If BOINC thinks the GPU will need 1 full thread to run that 1 GPU task, then you'll only ever be able to run 31 tasks at once.

But say you know the task on the GPU uses little to no CPU. So you set the CPU usage on that task to something really low. This way, BOINC wont reserve 1 thread for the GPU task allowing you to run 32 CPU tasks on the CPU.

Its not a very good way to control things though, IMHO. Which is why I usually have 2 instances of BOINC installed on my hosts with GPUs. So I can much easily control the number of CPU tasks I want to run regardless of the project on one instance and GPU tasks on the other instance.
 

CyklonDX

Well-Known Member
Nov 8, 2022
784
255
63
any other ideas?
Can you post the python code? I can take a look if its doable to rewrite it - and run few tests on jupyter.

(Potentially using rocm libs, with pytorch may grant it proper execution paths.)
 

gsrcrxsi

Active Member
Dec 12, 2018
293
96
28
Can you post the python code? I can take a look if its doable to rewrite it - and run few tests on jupyter.

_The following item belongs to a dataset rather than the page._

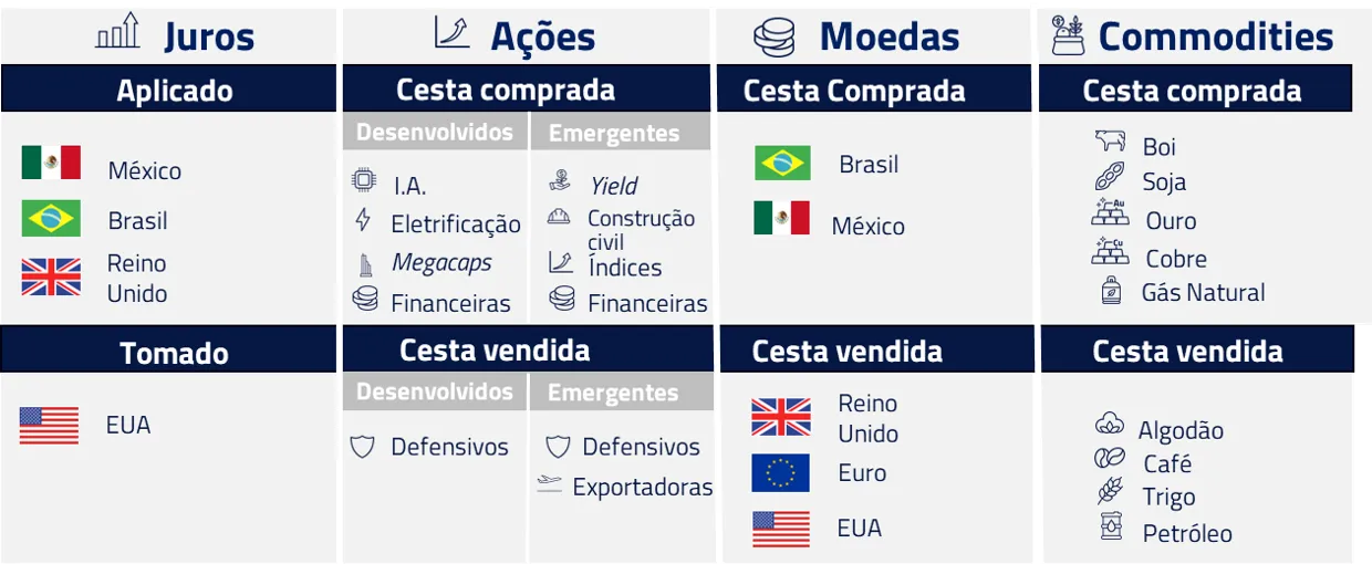 Por fim, na inflação, hoje o mercado precifica que esta irá convergir para 3,3% já em meados de 2026. Estamos comprando essa inflação como proteção para nossas posições para quedas de juros no país. Afinal, se o mercado estiver certo de que a inflação irá para tão perto do centro da meta, o espaço para corte do BC deverá ser maior do que os 250bps que estão na curva de juros.

(Potentially using rocm libs, with pytorch may grant it proper execution paths.)
i probably wouldn't feel comfortable posting it publicly since it's someone else's scientific research, but I can PM it to you.

or since you're familiar with BOINC, if you have a Linux/Nvidia system, you can attach to GPUGRID and download a task. you'll get sent the python code (~500 lines) and a python environment archive (2.7GB) with the task.